Несмотря на погоду, которая ухудшалась с каждым днем и заставляла Милягу с тоской вспоминать об английском январе, удача не совсем оставила их. На пятый день после того, как они пересекли границу снежного покрова, во время затишья между порывами ветра Миляга услышал звон колокольчиков, и, ориентируясь по звуку, они вышли на группу пастухов, под присмотром которых находилось стадо в сто или больше двоюродных братьев земного козла, только эти были гораздо более лохматыми и фиолетовыми, словно крокусы. Пастухи не говорили по-английски, и только у одного из них — человека по имени Кутхусс, который мог похвастать бородой не менее лохматой и фиолетовой, как и у его подопечных (что навело Милягу на мысль о том, какие браки по расчету свершаются в этих безлюдных горных краях), — в словарном запасе встречались кое-какие слова, которые Пай мог разобрать. То, что он сказал, было неутешительно. Пастухи уводят свои стада вниз с Великого Перевала так рано потому, что снег покрыл пастбища, на которых в обычный год животные могли бы кормиться еще дней двадцать. «Но этот год нормальным никак не назовешь», — повторил он несколько раз. Ему никогда не приходилось видеть, чтобы снег выпадал так рано и так обильно; никогда еще он не видел такого холодного ветра. Словом, он посоветовал им не пытаться двигаться дальше. Это было бы равносильно самоубийству.

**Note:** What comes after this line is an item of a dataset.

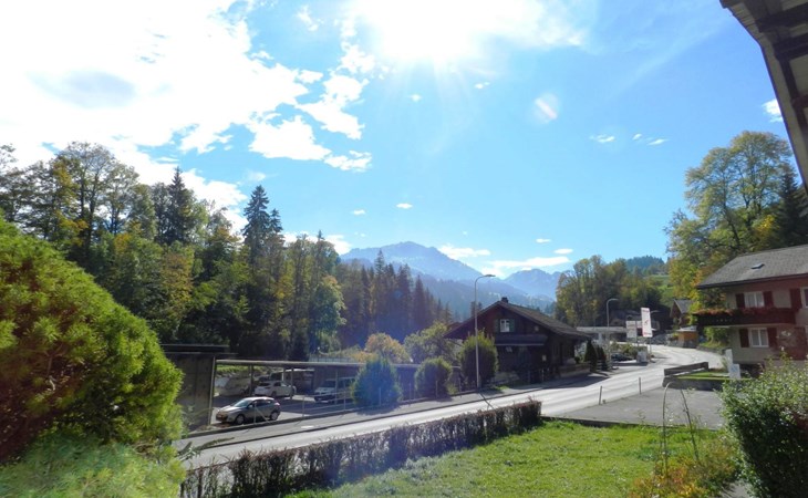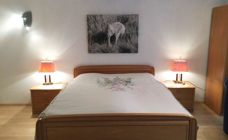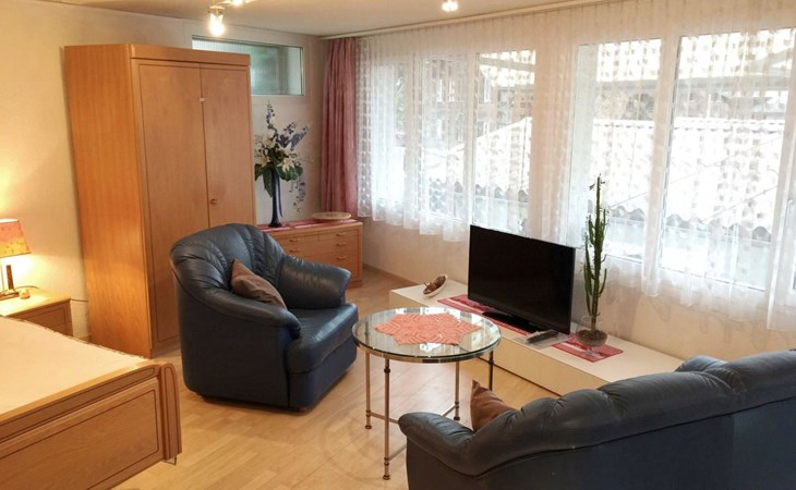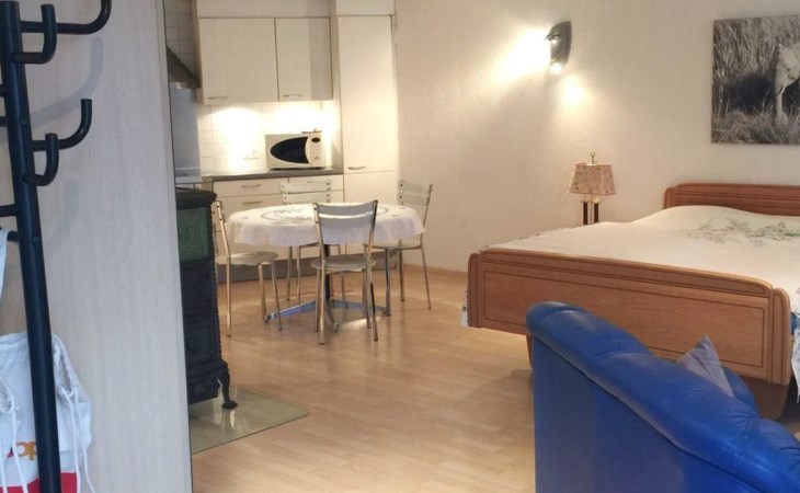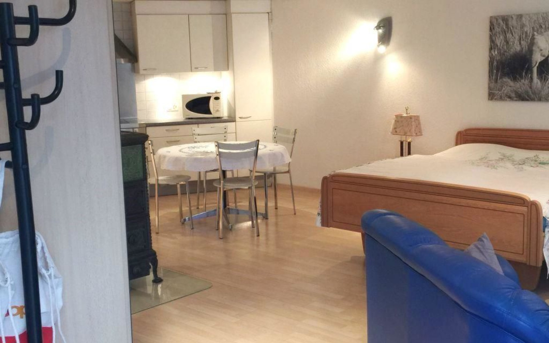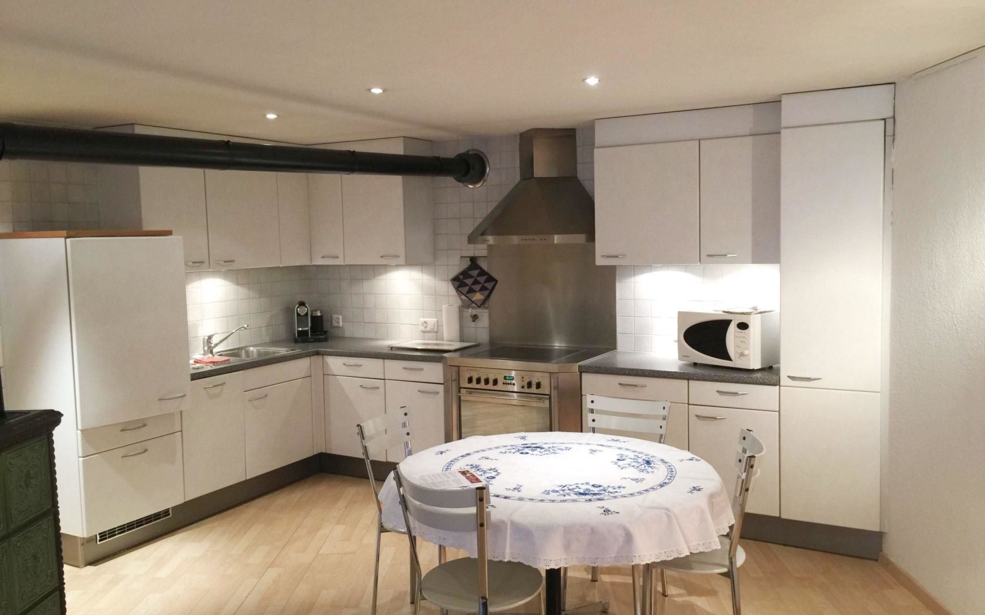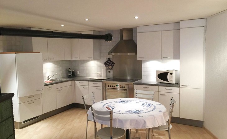 Wohn-/Ess-/Schlafzimmer mit offener Küche (Backofen, Mikrowelle, Geschirrspülmaschine, Kühlschrank mit Gefrierfach, Kapsel-Kaffeemaschine (Nespresso), Wasserkocher und Raclette-Set), Esstisch mit 4 Stühlen, Sofa, 1 Sessel, TV, 2 Schränke und 1 Doppelbett (180x200cm). 1 Badezimmer mit Dusche, Badewanne und WC. Der Schwedenofen darf von Gästen nicht benutzt werden. Die Wohnung verfügt über eine Bodenheizung. Kinderbett (60x120cm, inkl. Bettwäsche) und WiFi vorhanden.

Пай и Миляга обсудили этот совет. Путешествие и так уже затягивалось. Если же они спустятся за пределы снежного покрова, то, как ни соблазнительна перспектива относительного тепла и свежей еды, им придется потерять еще много времени. А в эти дни всевозможные злодейства будут продолжаться; сотни деревень, подобных Беатриксу, будут уничтожены; бесчисленные жизни будут отняты.
— Помнишь, что я сказал, когда мы покинули Беатрикс? — спросил Миляга.
— Если честно, то нет.
— Я сказал, что мы не умрем, и я сказал это серьезно. Мы прорвемся.
— Я не вполне в восторге от твоей мессианской убежденности, — сказал Пай. — Люди с наилучшими намерениями умирают, Миляга. А если подумать хорошенько, то они часто умирают первыми.
— Что ты хочешь этим сказать? Что не пойдешь со мной?
— Я сказал, что пойду за тобой, куда бы ты ни отправился, и так я и сделаю. Но наилучшие намерения не произведут никакого впечатления на холод.
— Сколько у нас денег?
— Не слишком много.
Хватит на то, чтобы купить у этих людей несколько козьих шкур? И может быть, немного мяса?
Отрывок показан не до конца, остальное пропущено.